»»

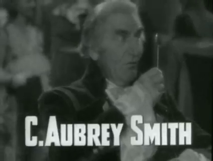 C. Aubrey Smith in Lloyd's of London 1936 Henry King
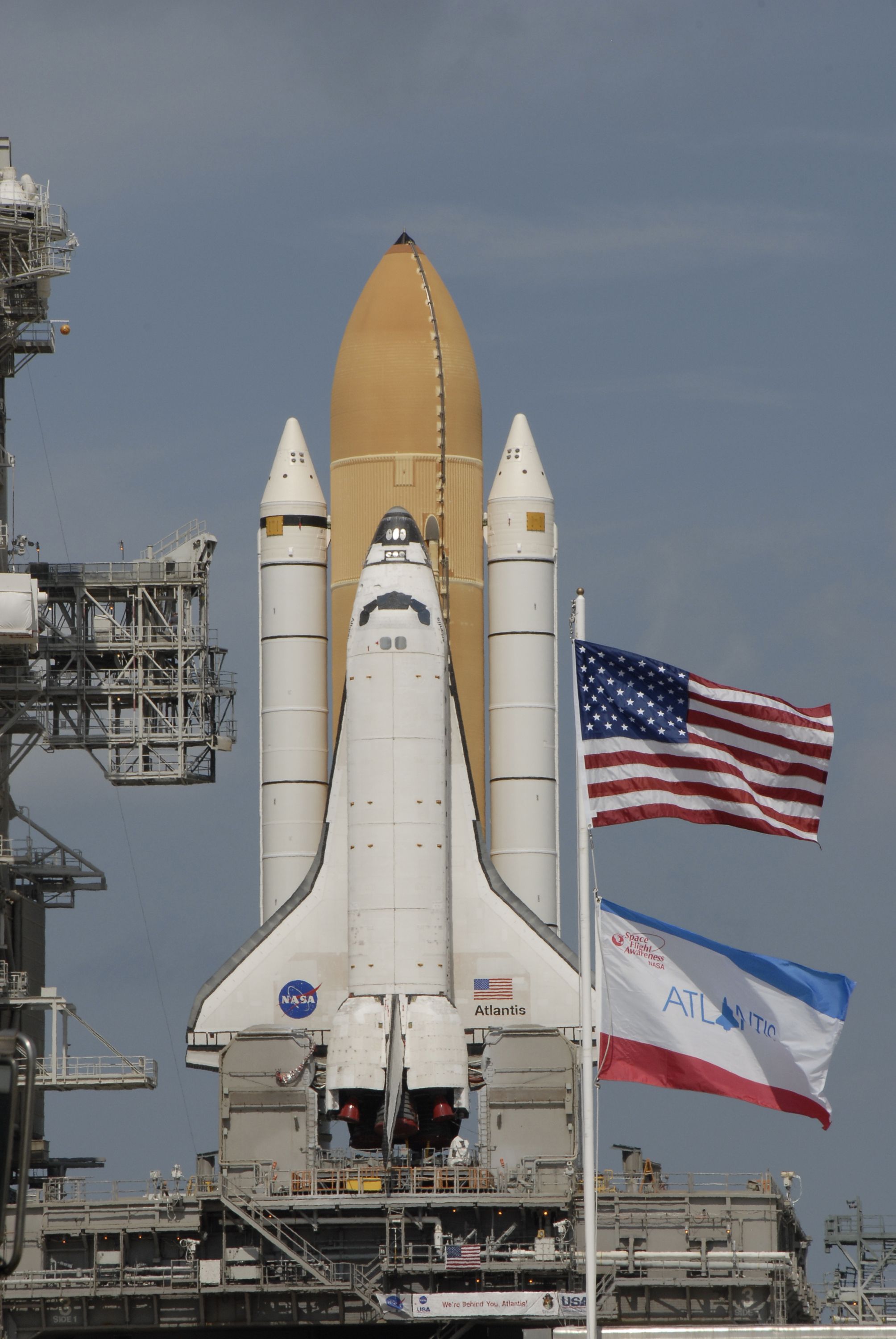 CAPE CANAVERAL, Fla. – At NASA's Kennedy Space Center in Florida, flags flap in the breeze off the Atlantic Ocean at Launch Pad 39A. Space shuttle Atlantis has reached the end of its 3.4-mile journey, known as rollout, from the Vehicle Assembly Building. First motion was at 6:38 a.m. EDT Oct. 14. The rollout took about six hours, and the shuttle was secure or "hard down" on the pad at 1:31 p.m. Liftoff of Atlantis on its STS-129 mission to the International Space Station is targeted for Nov. 12. For information on the STS-129 mission and crew, visit
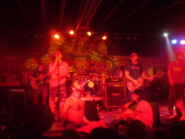 Banda Bassotti at Mamamia, Senigallia (An) for "Antifascist Jenuary"
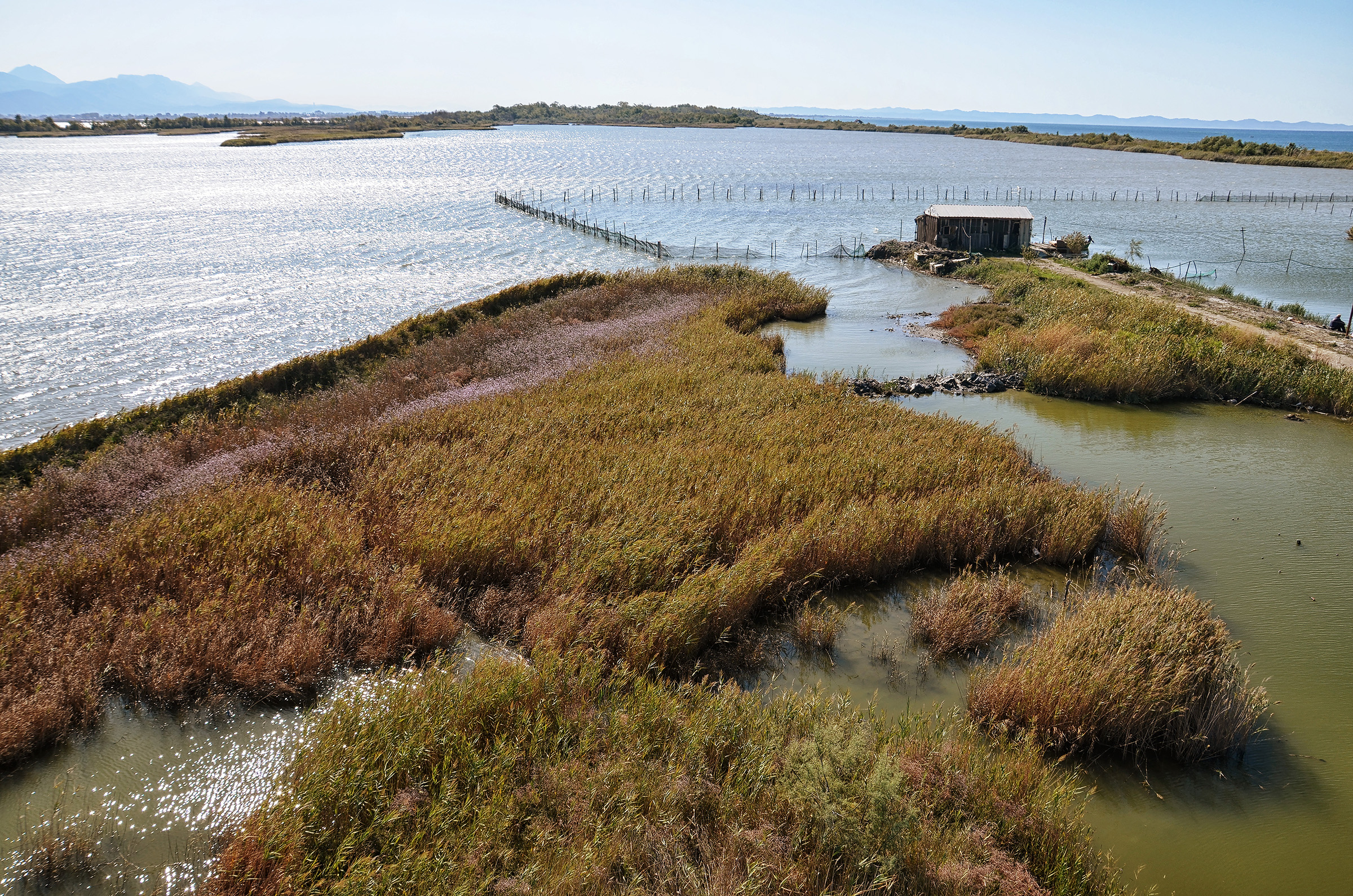 The Kunë-Vaine-Tale Nature Park in Albania

««

> **TASK REQUIREMENTS**
Retype the whole listing exactly. Do not include the pictures.

> **ANSWER TO THE PROBLEM**
 C. Aubrey Smith in Lloyd's of London 1936 Henry King
 CAPE CANAVERAL, Fla. – At NASA's Kennedy Space Center in Florida, flags flap in the breeze off the Atlantic Ocean at Launch Pad 39A. Space shuttle Atlantis has reached the end of its 3.4-mile journey, known as rollout, from the Vehicle Assembly Building. First motion was at 6:38 a.m. EDT Oct. 14. The rollout took about six hours, and the shuttle was secure or "hard down" on the pad at 1:31 p.m. Liftoff of Atlantis on its STS-129 mission to the International Space Station is targeted for Nov. 12. For information on the STS-129 mission and crew, visit
 Banda Bassotti at Mamamia, Senigallia (An) for "Antifascist Jenuary"
 The Kunë-Vaine-Tale Nature Park in Albania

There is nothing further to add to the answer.